== What is being asked ==
Output the entire listing without altering anything.

== Data ==
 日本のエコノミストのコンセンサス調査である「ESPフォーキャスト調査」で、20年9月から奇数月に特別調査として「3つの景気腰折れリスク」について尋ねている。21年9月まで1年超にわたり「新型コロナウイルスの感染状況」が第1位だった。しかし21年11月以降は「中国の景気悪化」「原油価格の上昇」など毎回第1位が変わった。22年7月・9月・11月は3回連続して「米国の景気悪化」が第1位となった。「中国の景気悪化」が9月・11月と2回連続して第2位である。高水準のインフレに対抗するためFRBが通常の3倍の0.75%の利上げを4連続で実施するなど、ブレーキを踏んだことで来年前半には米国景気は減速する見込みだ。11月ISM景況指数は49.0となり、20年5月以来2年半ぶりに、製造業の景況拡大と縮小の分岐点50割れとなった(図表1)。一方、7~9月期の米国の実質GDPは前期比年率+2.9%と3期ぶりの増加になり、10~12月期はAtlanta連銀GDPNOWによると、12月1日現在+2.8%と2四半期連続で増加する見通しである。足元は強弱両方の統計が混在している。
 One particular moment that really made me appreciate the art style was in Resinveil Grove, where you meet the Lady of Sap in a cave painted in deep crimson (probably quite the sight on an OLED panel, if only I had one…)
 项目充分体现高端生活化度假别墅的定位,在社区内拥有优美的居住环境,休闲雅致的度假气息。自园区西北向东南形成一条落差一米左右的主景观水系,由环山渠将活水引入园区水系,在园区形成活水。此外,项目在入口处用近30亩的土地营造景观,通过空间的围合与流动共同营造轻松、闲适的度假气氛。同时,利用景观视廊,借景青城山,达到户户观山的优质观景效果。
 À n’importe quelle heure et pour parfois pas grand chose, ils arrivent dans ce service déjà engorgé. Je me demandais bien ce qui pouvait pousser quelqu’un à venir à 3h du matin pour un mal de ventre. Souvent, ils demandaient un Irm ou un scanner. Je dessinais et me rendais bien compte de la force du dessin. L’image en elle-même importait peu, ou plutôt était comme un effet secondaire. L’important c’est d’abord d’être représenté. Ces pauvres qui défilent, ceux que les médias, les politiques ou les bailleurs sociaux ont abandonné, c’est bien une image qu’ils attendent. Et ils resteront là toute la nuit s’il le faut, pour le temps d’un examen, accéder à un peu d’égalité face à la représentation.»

== Response to this exercise ==
 日本のエコノミストのコンセンサス調査である「ESPフォーキャスト調査」で、20年9月から奇数月に特別調査として「3つの景気腰折れリスク」について尋ねている。21年9月まで1年超にわたり「新型コロナウイルスの感染状況」が第1位だった。しかし21年11月以降は「中国の景気悪化」「原油価格の上昇」など毎回第1位が変わった。22年7月・9月・11月は3回連続して「米国の景気悪化」が第1位となった。「中国の景気悪化」が9月・11月と2回連続して第2位である。高水準のインフレに対抗するためFRBが通常の3倍の0.75%の利上げを4連続で実施するなど、ブレーキを踏んだことで来年前半には米国景気は減速する見込みだ。11月ISM景況指数は49.0となり、20年5月以来2年半ぶりに、製造業の景況拡大と縮小の分岐点50割れとなった(図表1)。一方、7~9月期の米国の実質GDPは前期比年率+2.9%と3期ぶりの増加になり、10~12月期はAtlanta連銀GDPNOWによると、12月1日現在+2.8%と2四半期連続で増加する見通しである。足元は強弱両方の統計が混在している。
 One particular moment that really made me appreciate the art style was in Resinveil Grove, where you meet the Lady of Sap in a cave painted in deep crimson (probably quite the sight on an OLED panel, if only I had one…)
 项目充分体现高端生活化度假别墅的定位,在社区内拥有优美的居住环境,休闲雅致的度假气息。自园区西北向东南形成一条落差一米左右的主景观水系,由环山渠将活水引入园区水系,在园区形成活水。此外,项目在入口处用近30亩的土地营造景观,通过空间的围合与流动共同营造轻松、闲适的度假气氛。同时,利用景观视廊,借景青城山,达到户户观山的优质观景效果。
 À n’importe quelle heure et pour parfois pas grand chose, ils arrivent dans ce service déjà engorgé. Je me demandais bien ce qui pouvait pousser quelqu’un à venir à 3h du matin pour un mal de ventre. Souvent, ils demandaient un Irm ou un scanner. Je dessinais et me rendais bien compte de la force du dessin. L’image en elle-même importait peu, ou plutôt était comme un effet secondaire. L’important c’est d’abord d’être représenté. Ces pauvres qui défilent, ceux que les médias, les politiques ou les bailleurs sociaux ont abandonné, c’est bien une image qu’ils attendent. Et ils resteront là toute la nuit s’il le faut, pour le temps d’un examen, accéder à un peu d’égalité face à la représentation.»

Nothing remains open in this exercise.